#### Entries provided
>>>>>

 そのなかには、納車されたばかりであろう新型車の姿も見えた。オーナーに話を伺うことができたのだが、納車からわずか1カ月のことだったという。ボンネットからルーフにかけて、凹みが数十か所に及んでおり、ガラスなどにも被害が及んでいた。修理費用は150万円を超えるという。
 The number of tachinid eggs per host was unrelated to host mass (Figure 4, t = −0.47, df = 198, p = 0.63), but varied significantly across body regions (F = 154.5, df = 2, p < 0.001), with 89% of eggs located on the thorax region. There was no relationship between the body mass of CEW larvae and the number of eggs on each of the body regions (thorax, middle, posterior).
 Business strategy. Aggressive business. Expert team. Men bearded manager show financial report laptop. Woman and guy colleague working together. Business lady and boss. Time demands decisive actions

<<<<<
>>>>>

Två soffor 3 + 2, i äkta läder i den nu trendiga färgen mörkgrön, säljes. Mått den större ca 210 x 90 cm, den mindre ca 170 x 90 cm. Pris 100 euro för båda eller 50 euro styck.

<<<<<

#### The problem
Will you return exactly the lines above from the one with "The number of tachinid" down to the one with "Business strategy. Aggressive", counting both as part of the range?

#### Task solution
 The number of tachinid eggs per host was unrelated to host mass (Figure 4, t = −0.47, df = 198, p = 0.63), but varied significantly across body regions (F = 154.5, df = 2, p < 0.001), with 89% of eggs located on the thorax region. There was no relationship between the body mass of CEW larvae and the number of eggs on each of the body regions (thorax, middle, posterior).
 Business strategy. Aggressive business. Expert team. Men bearded manager show financial report laptop. Woman and guy colleague working together. Business lady and boss. Time demands decisive actions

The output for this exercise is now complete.